Ça ne fait rien, réplique-t-elle, je ne veux pas de transports en commun dans Paris, en vertu de mon monopole. En vérité, ce serait à pouffer de rire, s’il n’y avait pas tant d’intérêts sacrés — ceux des humbles — menacés par ces prétentions funambulesques.

Attendez, ce n’est pas tout, une voiture cueille les gosses pour les conduire au lycée, le matin de porte en porte, et les rendre le soir à leurs respectives familles, c’est encore du transport en commun, les omnibus interviennent et mettent le holà !

Un monsieur meurt et sa famille veut le faire transporter en dehors des fortifications dans une longue voiture ad hoc, la compagnie universelle, générale et géniale des omnibus intervient encore, car il y a dans le coupé, par-devant, un prêtre, un enfant de chœur et la veuve du défunt : c’est du transport en commun au premier chef cela, mossieu, vive le monopole, que le macchabée voyage seul ou sinon, moi, compagnie des omnibus, je m’y oppose.

N’allez pas répliquer par les convenances, le respect dû aux morts, la famille, la religion, la liberté de chacun… et le monopoles des transports en commun, qu’en faites-vous ? Si vous l’oubliez, la compagnie est là pour vous le rappeler brutalement !

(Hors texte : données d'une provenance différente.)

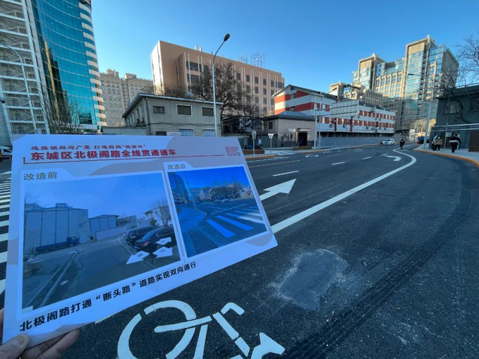 北极阁路是连接北京国际饭店路口与东单双方向的重要联络线。去年,北极阁路全线通车,有效分流了周边主干道的车流量,居民不必再绕行。

C’est beau la forme, le capital, la puissance de l’argent, de la routine et du monopole, mais enfin il ne faudrait cependant pas pousser cette démonstration par l’absurde, entreprise par la compagnie elle-même depuis quelque temps, par trop loin, car le Conseil municipal de Paris, aussi débonnaire qu’il soit, aussi bien que la population, pourrait peut-être finir par se réveiller et par envoyer promener les omnibus et leur fameux monopole d’un revers de main.

Aussi bien les commerçants, les petits boutiquiers de tous les quartiers excentriques de Paris, affolés par les menaces de la compagnie, rédigent-ils en ce moment des pétitions où les signatures s’alignent par milliers ; au nom du bon sens et de la justice, espérons que le Conseil municipal les écoulera d’une oreille favorable[1].

J’allais clore ces courtes notes, écœuré de tant de bêtise jointe à tant d’arrogance de la part de la compagnie générale des omnibus, lorsque l’on me dit à l’instant que ladite compagnie va demander la suppression du chemin de fer de ceinture ; concurrence déloyale à son monopole, transport en commun, etc., etc., je vous fait grâce du reste, vous connaissez la litanie.

Ça me fait rire, mais je cours voir si c’est vrai et je termine en disant : pour une compagnie qui a un fier toupet, on peut dire que celle des omnibus a un fier toupet !


  1. Ceci était écrit en juin 1891, depuis la compagnie a commis mille antres abus et aujourd’hui il est question de supprimer toutes les lignes en dehors des anciennes barrières, c’est elle qui le dit ; les quartiers excentriques ont la ceinture et n’ont pas besoin de têtes de ligne. La Compagnie des Omnibus est bien le monopole qui s’est rendu le plus odieux aux Parisiens par ses allures cavalières, tranchantes et grossières.